Assorted links

by on April 13, 2008 at 9:52 am in Web/Tech | Permalink

1. Using TiVo fast forwards to predict American Idol winners.

2. An optimistic view of the mortgage market.

3. John Rawls on the superiority of baseball; recall I once described him as the least Hansonian thinker ever.

4. The legacy of Milton Friedman; Brad DeLong comments.

5. Does foreign occupation really cause suicide bombing?

mk April 13, 2008 at 12:39 pm

Man, that Rawls letter is total bunk from start to finish. I’m all for meaningless philosophical BS’ing on why the things I like are awesome, but man… If a guy that smart could write such claptrap, it gives me some faith that humanity really is getting smarter with time.

karl April 13, 2008 at 2:40 pm
William Stepp April 13, 2008 at 10:21 pm

I’m not sure that Friedman would have approved bailing out Bear. Brad DeLong says he would have approved it because otherwise the desired currency/deposit ratio would have risen, thus causing a fall in the money supply, which Friedman would not have liked. While this would be true if Bear had been a commercial bank, it was an investment bank, so the logic doesn’t follow.
I don’t believe the total meltdown scenario for the economy implicitly held some Bear bears (but not Krugman, who disavowed the possibility of a Great Depression-like economy).
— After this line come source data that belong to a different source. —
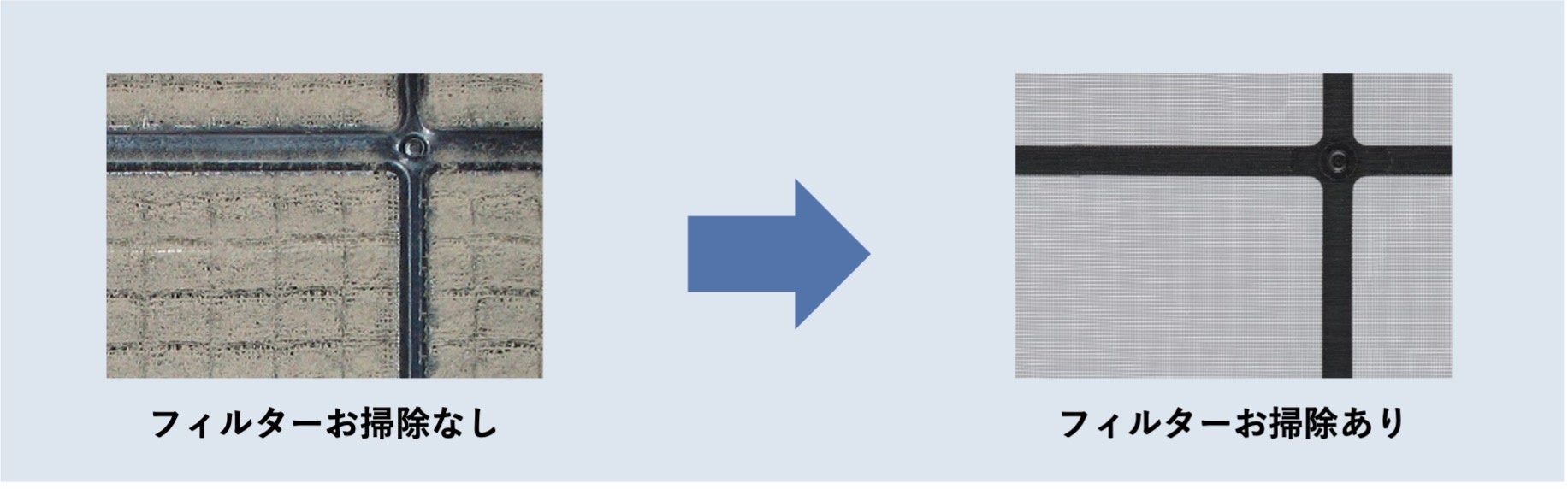 フィルターにホコリが詰まると、エアコンの風量が低下して冷暖房効率が悪くなるだけでなく、電気代の無駄や本体の故障リスクにもつながります。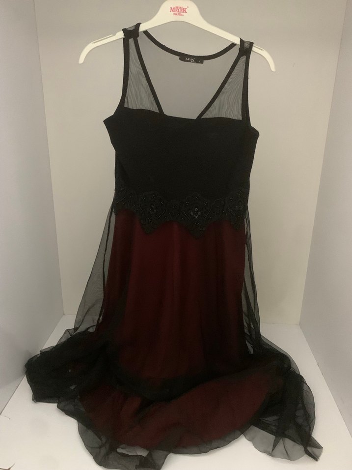 Siyah tül detaylı, bordo astarlı, straplez yaka ve uzun etekli, vücuda oturan gotik abiye elbise. Cesur romantik akşamlar için ideal. Kolarını diktim önü cok açılıyor diye açılabilir etegi uzun oldugu için yere degmeye ait deformeler mevcut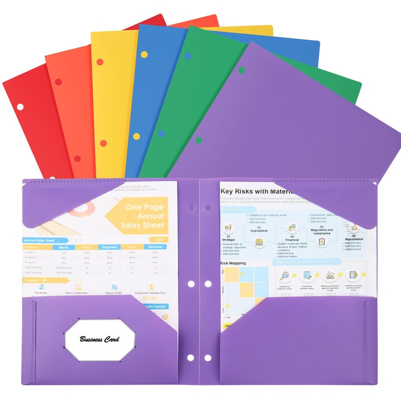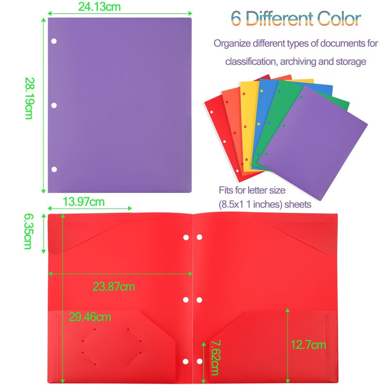 - Folders with Pockets 3 Hole Punched: Each plastic folder have 2 pockets inside, 3 Hole, 1 card slots and 2 stay-put tabs for preventing the paper from falling out. Easily store your letter-sized paper documents and business cards in our standard letter-sized folders measuring 9.5”by 11.6”(closed).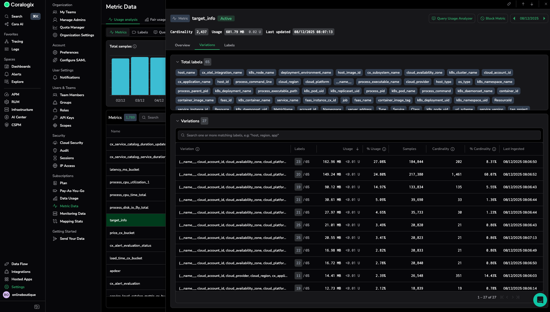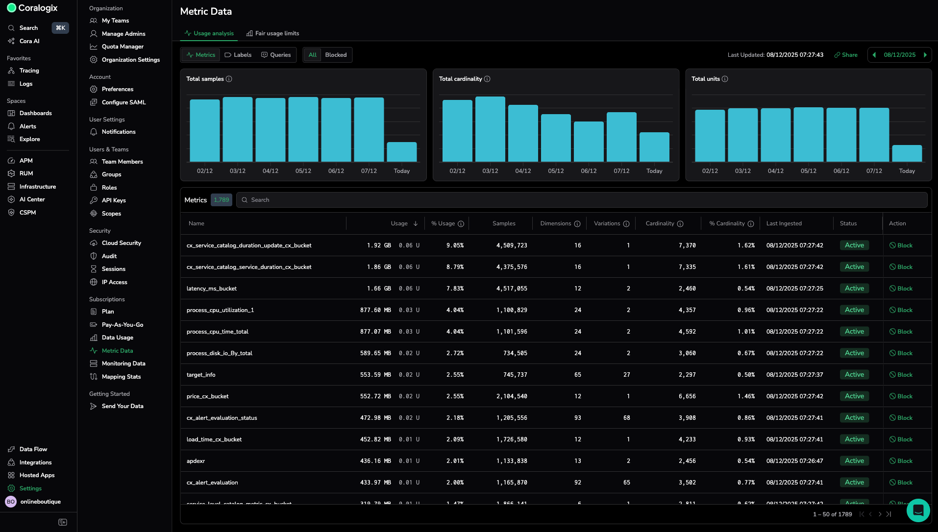 - Metrics: Ingested metrics with usage, cardinality, and samples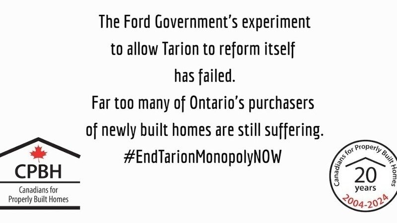 Petition updateEnd Tarion’s new home warranty monopoly NOW: Give Ontarians a choice!An Ontario election is anticipated any day - ask candidates if they will end Tarion's monopoly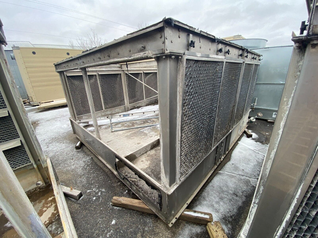 Evapco ATWB Closed Loop Cooling Tower Part # ATWB 12-7L24-Z Serial # 19-87700 1500 Ton Stainless Steel Basin Includes Ladder Missing (4) Fill sections MFD 2019 Total Weight 23,810 lb Dims13'-5" x 11'-10" x 15'-8" Will ship in two pieces max height 11'-1" Used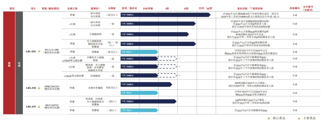 除核心产品外,其内部亦有:(i)5款其他临床阶段候选药物(LBL-034、LBL-033、LBL007、LBL-019及LBL-015);及(ii)8款额外临床前阶段候选药物(LBL-043、LBL-049、LBL-054-TCE、LBL-054-ADC、LBL-061、LBL-058、LBL-051及LBL-047)。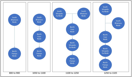 From the 12th through the early 14th century, the Bellary District of Hampi flourished, as did the Pampa tirtha, thanks to the patronage of local chiefs. Larger geopolitical changes on the subcontinent, such as the fall of the Later Chalukya Empire and the rise of its successor states, permitted the development of a distinct microregional identity in the Bellary District. This is reflected in the inscriptions of 1173 and 1181 providing new, specific names for the area, such as “Ballakunde-nadu” and “Doravadi-nadu” (Wagoner 1996, p. 163). During this period, a local group of Sinda chiefs established political control over the Hampi area and subsequently moved their royal cult of memorial temples to Pampa tirtha from Kurugodu. Their royal memorial temple, the Immadi Rachamallesvara Memorial Shrine, expanded the north Pampa node by situating what became a double shrine to abut the Pampa Temple on its north side. Likewise, the Kampilis, in the following period, did the same under Kampili-raya (Wagoner 1996, pp. 166–67) by situating two new memorial triple-shrine temples within the north face node on the Hemakuta Hill. Simultaneously, a more focused development, in terms of resources and skilled labor was directed to building and expanding two Virupaksha nodes, thus transforming the Pampa-based tirtha into a Virupaksha cult center. Prior to the 12th century, the network of nodes expanded along the axis that linked Bhairava to Pampa. The network graphs (Figure 10) clearly illustrate the spatial methodologies used by the builders of the Virupaksha cult to infuse their god into the fabric of the site and to supplant Bhairava in his configurational relationship with Pampa.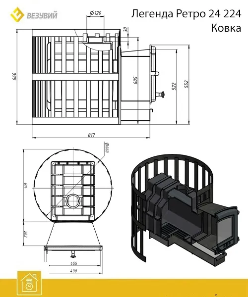 Банная печь Везувий Легенда Ретро 24 Ковка (224)
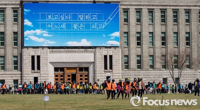 (서울=포커스뉴스) 봄 기운이 완연한 24일 오전 서울광장에서 시민 자원봉사자들이 잔디를 밟아 땅을 다지는 작업을 하고 있다.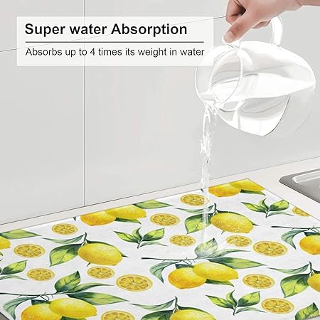 - ABSORBENT MATERIAL: Crafted with microfiber, this drying mat absorbs moisture quickly and efficiently. Say goodbye to wet countertops and hello to a clean and dry kitchen workspace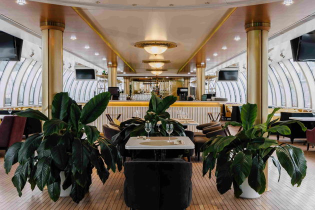 Представьте: проплывают Кремль, парк Зарядье, храм Христа Спасителя, сталинские высотки и парящий мост. Два с половиной часа - и вы увидите Москву с ее открыточной стороны, без пробок и толп. А внутри - все для полного погружения в атмосферу. Мягкие диванные группы, авторская кухня от шефа, бар с достойным арсеналом. И музыка. По вечерам с четверга по субботу здесь играют живые музыканты, превращая круиз в настоящее шоу на воде. В остальные дни - атмосферные диджей-сеты.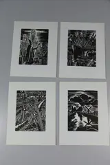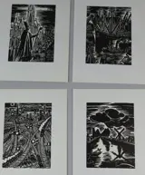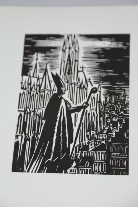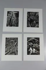 4 prachtige originele houtgravures van Frans Masereel. De platen zijn 24 bij 18,5 cm, de gravures zijn 15,5 bij 11,5 cm. Ze maken deel uit van de in 1964 uitgegeven bundel 'Mijn land'.
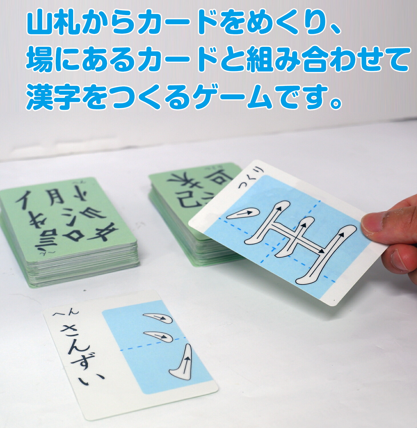 山札からカードを1枚めくり、場にあるカードと組み合わせて漢字を完成させるゲームです。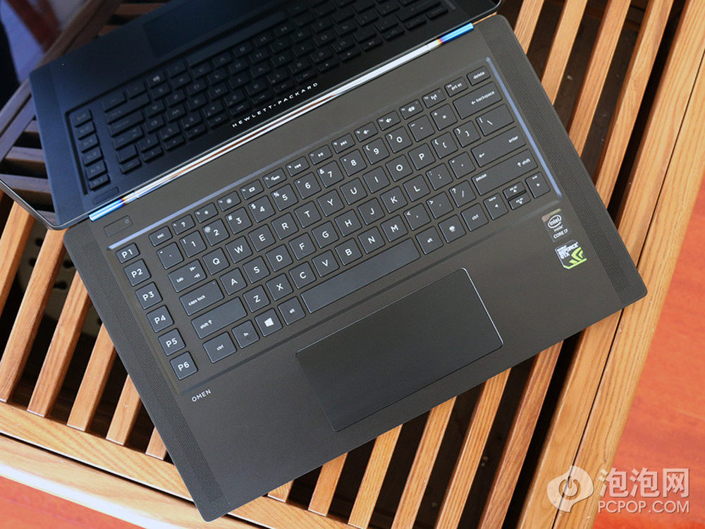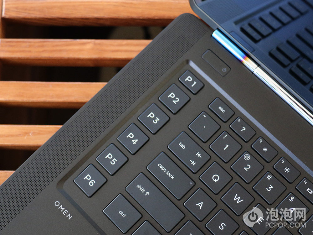 除此以外,OMEN游戏本还拥有6组可编程快捷按键(P1-P6),可以对游戏中的常用到的按键或组合编程到快捷键上,非常适合游戏玩家使用。同时,在OMEN机身左右两侧各有一排排列规则的圆形孔,这就是该机的扬声器孔,在其下部还拥有隐藏的灯光区域,我们在最后会有图片展示。惠普OMEN炫酷超极游戏本 京东商城 16999元预约中>> 预约地址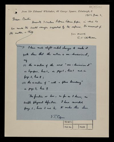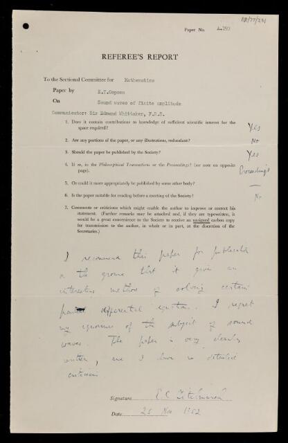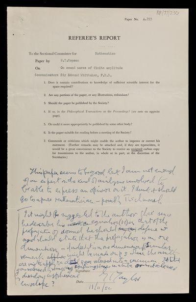 Edward Charles Titchmarsh, Referee's report by Edward Charles Titchmarsh, on a paper 'On sound waves of finite amplitude' by E T Copson, 25 November 1952, RR/77/231, The Royal Society Archives, London, https://makingscience.royalsociety.org/items/rr_77_231/referees-report-by-edward-charles-titchmarsh-on-a-paper-on-sound-waves-of-finite-amplitude-by-e-t-copson, accessed on 10 November 2025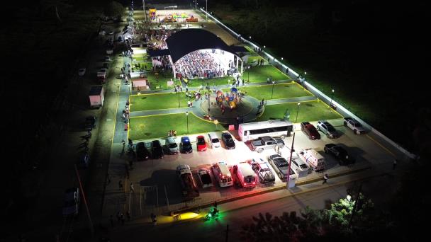 Por su parte, la Arquitecta Karla Nohemí Vinagre Ruiz, directora de Obras Públicas, realizó la explicación técnica del proyecto ejecutado hasta el momento, el cual consistió en la construcción de: Un estacionamiento, banquetas, área de juegos infantiles, andadores, cancha de usos múltiples techada, cancha de básquetbol, gradas, reflectores, cancha de voleibol, gimnasio al aire libre y cancha de fútbol.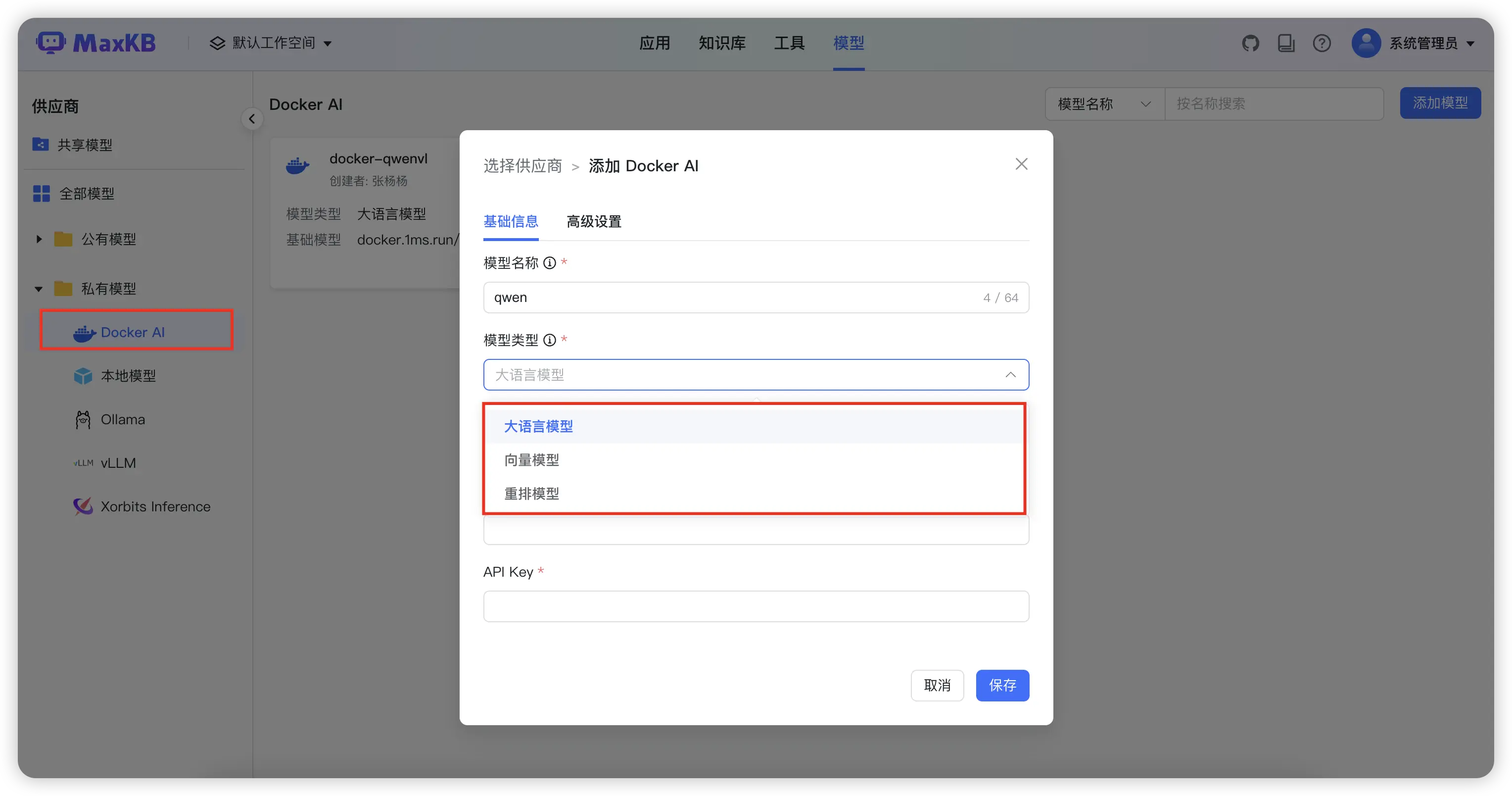 在 MaxKB v2.4.0 社區版中,新增支持 Docker AI 供應商的大語言模型、向量模型和重排模型,進一步豐富了模型集成生態,為模型管理提供了更大的靈活性和選擇空間。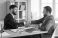Kształty - Confident male lawyer in suit working in office shaking hand with a man client sitting at the... #1778204501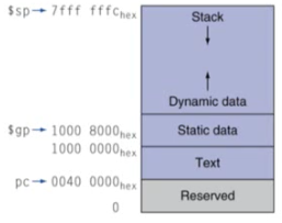 - $gp : global pointer for static data (전역 변수 저장 공간을 가리키는 변수 저장) -- reg 28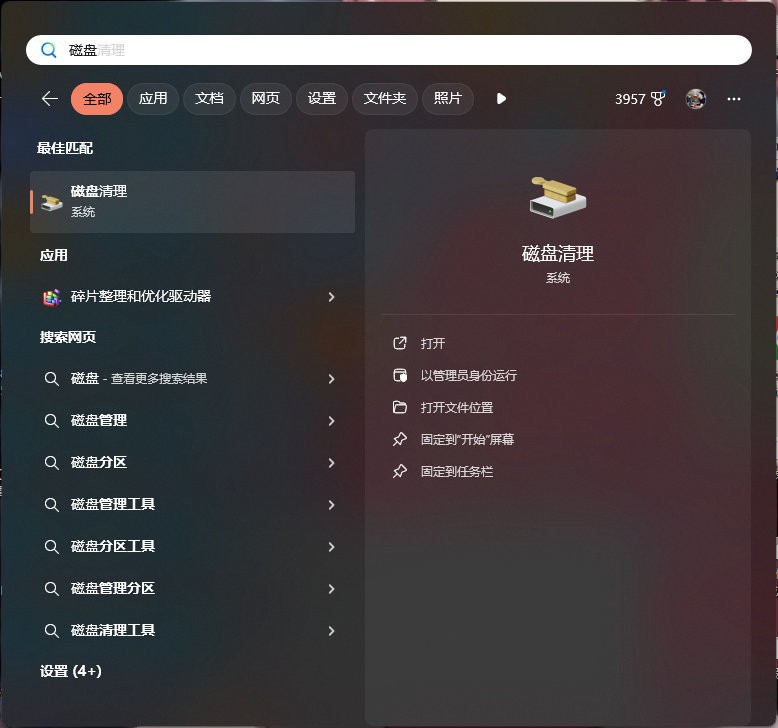 Windows 11可在搜索功能里直接搜索 磁盘清理 功能进行操作;
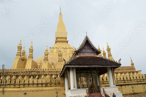 Fototapeta premium Wat in Lao.temple gold on sky background.

Jeffrey Rae April 14, 2008 at 12:06 am

In relation to the Friedman piece by Mr Goodman, I am amazed that the NY Times can employ someone as their ‘national economics writer’ (not ‘reporter’} who has neither a degree in economics nor any understanding of the subject matter, if this article is any guide.

According to the NY Times website, Mr Goodman has an MA in Asian Studies from Berkeley and spent ten years as the ‘Asian economic correspondent’ for The Washington Post. Neither paper apparently paper sees the need to employ a professional economist to report on the most serious economic issues of the day, whether they are in the US or in Asia.

Here in Australia we have four newspapers with pretensions as quality national dailies. Every one of them has at least one economics reporter and all of these reporters have degrees in economics.

I used to think that employing economists to write intelligently about economics for the masses was nothing out of the ordinary but clearly it is extraordinary at the NY Times (and probably the Washington Post).